ProbabilisticLatentSemanticAnalysis

public ProbabilisticLatentSemanticAnalysis(int requestedRank,
                                           double minimumChange,
                                           Random random)
Creates a new ProbabilisticLatentSemanticAnalysis with the given parameters.

Parameters:
requestedRank - The requested rank. Must be non-negative.
minimumChange - The minimum change in log-likelihood to stop.
random - The random number generator to use.
Method Detail

initializeAlgorithm

protected boolean initializeAlgorithm()
Description copied from class: AbstractAnytimeBatchLearner
Called to initialize the learning algorithm's state based on the data that is stored in the data field.
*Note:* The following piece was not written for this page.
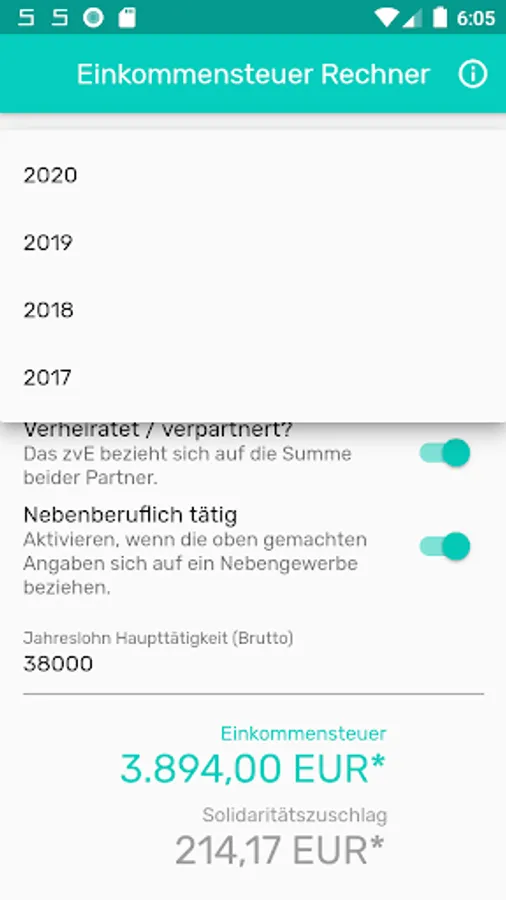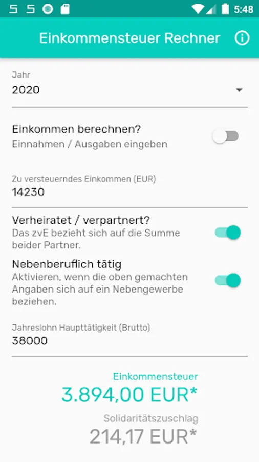 As a self-employed person you have to deal with all sorts of bureaucracy. This app will help you to calculate your expected income tax + the solidarity surcharge.
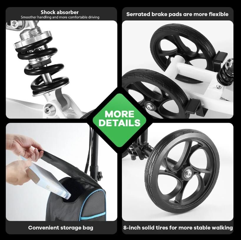 Looking for walking equipment to maintain mobility and independence during recovery? Then you should not miss this knee scooter walker. It is an excellent crutch alternative, ideal for anyone recovering from an injury or surgery to the foot, ankle, or leg. It features a thick, comfy knee pad that supports either the right or left leg. Plus, the knee pad and handlebars are fully adjustable to meet the desired needs of users of different heights. Lightweight yet durable, it is designed with a maximum load capacity of 150kg. The design of four solid rubber wheels, dual rear on-wheel brakes, and an adjustable locking handbrake ensures excellent stability and control when manoeuvring.

The return value indicates if the algorithm can be run or not based on the initialization.

Specified by:
initializeAlgorithm in class AbstractAnytimeBatchLearner<Collection<? extends Vectorizable>,ProbabilisticLatentSemanticAnalysis.Result>
Returns:
True if the learning algorithm can be run and false if it cannot.

step

protected boolean step()
Description copied from class: AbstractAnytimeBatchLearner
Called to take a single step of the learning algorithm.

Specified by:
step in class AbstractAnytimeBatchLearner<Collection<? extends Vectorizable>,ProbabilisticLatentSemanticAnalysis.Result>
Returns:
True if another step can be taken and false it the algorithm should halt.

cleanupAlgorithm

protected void cleanupAlgorithm()
Description copied from class: AbstractAnytimeBatchLearner
Called to clean up the learning algorithm's state after learning has finished.

Specified by:
cleanupAlgorithm in class AbstractAnytimeBatchLearner<Collection<? extends Vectorizable>,ProbabilisticLatentSemanticAnalysis.Result>

getResult

public ProbabilisticLatentSemanticAnalysis.Result getResult()
Description copied from interface: AnytimeAlgorithm
Gets the current result of the algorithm.

Specified by:
getResult in interface AnytimeAlgorithm<ProbabilisticLatentSemanticAnalysis.Result>
Returns:
Current result of the algorithm.

getRandom

public Random getRandom()
Description copied from interface: Randomized
Gets the random number generator used by this object.

Specified by:
getRandom in interface Randomized
Returns:
The random number generator used by this object.

setRandom

public void setRandom(Random random)
Description copied from interface: Randomized
Sets the random number generator used by this object.

Specified by:
setRandom in interface Randomized
Parameters:
random - The random number generator for this object to use.

getVectorFactory

public VectorFactory<? extends Vector> getVectorFactory()
Gets the vector factory to use.

Specified by:
getVectorFactory in interface VectorFactoryContainer
Returns:
The vector factory to use.

setVectorFactory

public void setVectorFactory(VectorFactory<? extends Vector> vectorFactory)
Sets the vector factory to use.

Parameters:
vectorFactory - The vector factory to use.

getMatrixFactory

public MatrixFactory<? extends Matrix> getMatrixFactory()
Gets the matrix factory to use.

Returns:
The matrix factory to use.

setMatrixFactory

public void setMatrixFactory(MatrixFactory<? extends Matrix> matrixFactory)
Sets the matrix factory to use.

Parameters:
matrixFactory - The matrix factory to use.

getRequestedRank

public int getRequestedRank()
Gets the requested rank to conduct the analysis for. It is the number of latent variables to use.

Returns:
The requested rank. Must be positive.

setRequestedRank

public void setRequestedRank(int requestedRank)
Sets the requested rank to conduct the analysis for. It is the number of latent variables to use.

Parameters:
requestedRank - The requested rank. Must be positive.

getMinimumChange

public double getMinimumChange()
Gets the minimum change in log-likelihood to allow before stopping the algorithm.

Returns:
The minimum change in log-likelihood to allow before stopping. Must be non-negative.

setMinimumChange

public void setMinimumChange(double minimumChange)
Sets the minimum change in log-likelihood to allow before stopping the algorithm.

Parameters:
minimumChange - The minimum change in log-likelihood to allow before stopping. Must be non-negative.